My father was in the military and as a child we moved. A lot. Because of this, it seemed like I was in a new school every couple of years. For me, it was a whole new set of people that were watching me, judging me, waiting to see if I measured up. It felt terrible. I also stood out for all the wrong reasons: I had a shock of bright red hair, I had a zillion freckles, my ears were adult sized on a child and…..I was mouthy. I had been blessed with a quick wit and it became my weapon of choice to deal with a world that seemed obsessed with status. I became a verbal bully, looking for weaknesses in others so I could be seen as the funny guy that people would accept, all the while wondering why I couldn’t be accepted as just me. Every day, I fixed my mask firmly in place, drew my weapons and reluctantly faced the world, waiting for the next attack. To say that I spent most of my childhood running away from me instead of working on me was an understatement. My self-esteem was in daily, sometime hourly flux. I couldn’t get a grip on who I was or what I was supposed to be doing. I was a mess.


Fast forward a few decades, and I don’t feel a mess anymore. I like who I have become, I am aware of my talents and my shortcomings and I use them to continually grow myself as well as help others learn how to grow themselves. So what happened in between? In short, people happened.


I was lucky enough to run into some people who cared enough to see beneath my mask, called me out on my defensive strategies and got me to realize that the fight for me was a worthy one, a daily one and a never ending journey of discovery. I must admit I fought them tooth and nail for a long time, after all my habits were ingrained. I had worked hard on my mask and my weapons and there was a certain comfort level to my madness, I had fluctuated so long between feeling better than others or worse than others that feeling equal seemed out of place. And I was weirdly attached to the worry that consumed most of my waking hours about how people felt about me and I was unsure about what was going to take its place. But these people persisted, they didn’t take no for an answer, and they made me work for me. Because of them, I have learned much about self-esteem and have happily become an advocate for everybody’s fight to feel equal.


These are my opinions about self-esteem:


1. It is intensely personal. You cannot change someone’s self-esteem, only they can.


2. You cannot argue a person into changing their self-esteem. Schools have been trying this for a while now with positive affirmations and trophy’s for just showing up and it isn’t working. Discipline has become a major issue and bullying is up, not down.


3. If you want to “be” different than you are, you must “act” different than you do. Self-esteem is not changed by talk, only by action.

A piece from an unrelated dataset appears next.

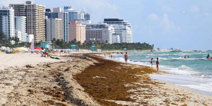 Muchas consultas sobre el sargazo en el Caribe. Ya puse un post de lo que vi en Playa del Carmen y ahora publico estas fotos que tomé ayer en Miami, en south beach

4. Changing self-esteem is a brick by brick building process. It takes patience and honesty.

5. In order for you to partner with someone in raising their self-esteem, you must be invited in by showing how much you care before you show them how much you know.


I have been a coach, a teacher and a leader for many years now, and I have come to enjoy the battle for “me”. I still make more mistakes than I’d like, still struggle with old habits that rear their ugly head every once in a while, but I’m better than I was and I’m planning on being better than I am. Underneath it all, my self-esteem really is tied to others in a strange way. By understanding how to grow me better, it has helped me to help others grow themselves and as they grow, my self esteem grows. Weird huh? The paradox of self-esteem is that the answer that people seek to raise their self-esteem lies outside themselves, it is bigger than “I” or “ME”, but the battle for that answer lies within. It is personal, it is frustrating and it is totally worth it. So how’s your Self-Esteem?